O instituto de Carolina para inabilidades desenvolventes, dirigido por Joseph Piven, DM, é o programa do guarda-chuva para a pesquisa em UNC, que do autismo classificaram em segundo mundiais para o número de papéis científicos autismo-relacionados publicados em 2012, a última vez onde uma agência intergovernamental emitiu a classificação.

O instituto tem um registro de mais de 5.000 famílias com membros que foram diagnosticados com autismo.

Para este estudo, a equipe de Dichter recrutou 15 controles e 15 adultos novos, envelhecem 18 a 30, com autismo. Porque é bem documentado que os povos com autismo têm frequentemente o problema regular suas emoções, a equipe de Dichter passou 45 minutos com cada participante para ensinar-lhes como mudar sua percepção de um estímulo emocional antes que entraram no varredor de MRI.

Durante o estudo, quando no varredor do fMRI, cada participante viu uma série de imagens dos rostos humanos sem a expressão. Partway com da vista de cada imagem, os participantes foram pedidos para gerar pensamentos positivos sobre a imagem, ou gere pensamentos negativos, ou deixe sua resposta emocional inalterada.

Os pesquisadores igualmente usados olho-seguindo métodos para assegurar todos os participantes viram continuamente a imagem e para medir na alta resolução o tamanho dos alunos de cada participante. Soube que os alunos se dilatam quando os povos exercem o esforço cognitivo, tal como a tentativa recordar alguém nome ou a tentativa mudar uma resposta emocional à situação.

Estes métodos, junto com o auto-relatório dos participantes, criaram os controlos e equilibrios que asseguraram a precisão dos dados que recolheram das varreduras de cérebro.

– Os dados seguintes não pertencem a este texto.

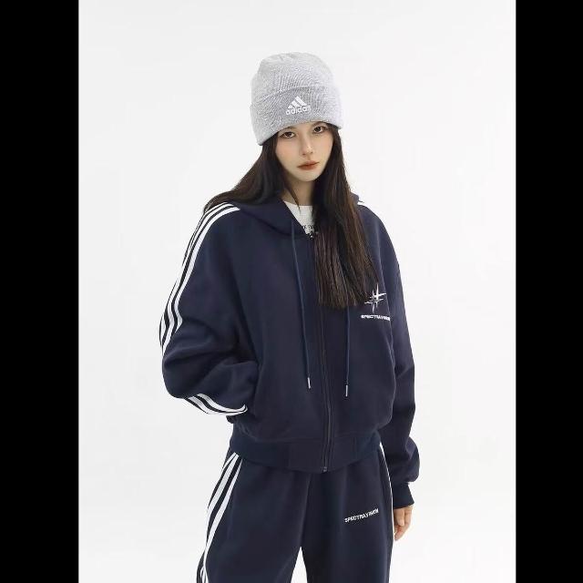 美式高街運動服套裝女春秋季跑步時尚寬松韓版學生衛衣休閑兩件套 運動套裝 上衣 褲子
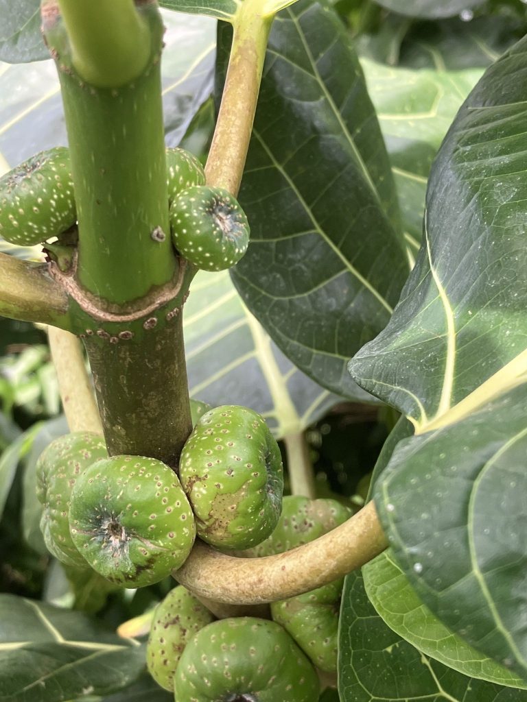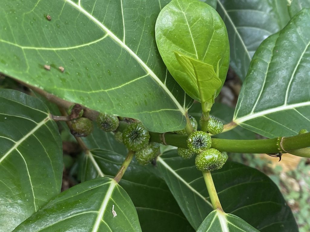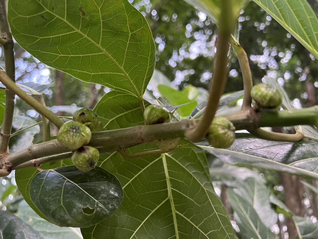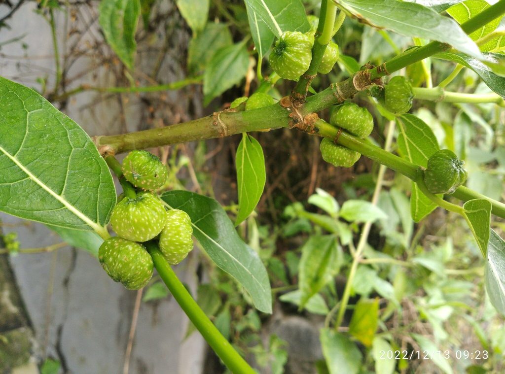 - Bunga/Buah/Ara: Berbentuk bulat atau agak pipih. Buah (Ara)/Berusuk (ridged) ini muncul dari ketiak daun di sepanjang dahan (ramiflorous). Buah matang secara bertahap satu per satu dari hijau menjadi kuning kehijauan untuk memastikan satwa penyebar seperti musang dan kelelawar kembali setiap malam.

Encontraram que no grupo de controle, o córtice pré-frontal trabalhado duramente para modular a resposta emocional que originou no sistema límbico - uma parte evolutionarily velha do cérebro associado com as emoções e as necessidades básicas. Isto confirmou o que a outra pesquisa tinha mostrado.

As varreduras de cérebro dos povos com autismo eram diferentes. “O córtice pré-frontal não veio em linha à mesma extensão,” Dichter disse. “Era como se a região do cérebro que é necessário trabalhar duramente para regular respostas emocionais não poderia activar ao mesmo grau que fez nos povos sem autismo. Esta activação limitada do córtice pré-frontal, não surpreendentemente, conduziu a menos modulação das regiões límbicas.”

Os dados do aluno sugeriram que os participantes trabalhassem duramente para cumprir as exigências do estudo. Mudaram suas respostas emocionais à imagem. Mas suas varreduras de cérebro sugerem que os povos com autismo não usem seu córtice pré-frontal à mesma extensão que povos sem autismo.

Assim, quando enfrentados com situações emocionais, os povos com autismo não usam seus córtices pré-frontais para regular emoções à mesma extensão que povos sem autismo. Isto por sua vez pode conduzir ao “associou sintomas,” como a ansiedade, as birras, e a irritabilidade, que pode ser patente.

A equipe de Dichter igualmente encontrou uma correlação entre o nível de actividade de cérebro no córtice pré-frontal e a severidade do autismo de uma pessoa. “Parece haver uma associação entre a capacidade para trazer em linha estas regiões do cérebro como necessário durante situações emocionais e a severidade de sintomas do autismo de uma pessoa,” Dichter disse.

Em seguida, Dichter quer conduzir um estudo similar com crianças. “Estudar crianças com autismo ajuda-nos a amolar distante os efeitos de estar com o autismo das influências da vida com o autismo por anos como um adolescente e um adulto.”

A pesquisa futura da intervenção baseada nestes resultados podia usar técnicas cognitivas do comportamento para melhorar as capacidades regulamentares da emoção para povos com técnicas da estimulação do autismo ou do cérebro para melhorar a actividade no córtice pré-frontal durante o regulamento da emoção.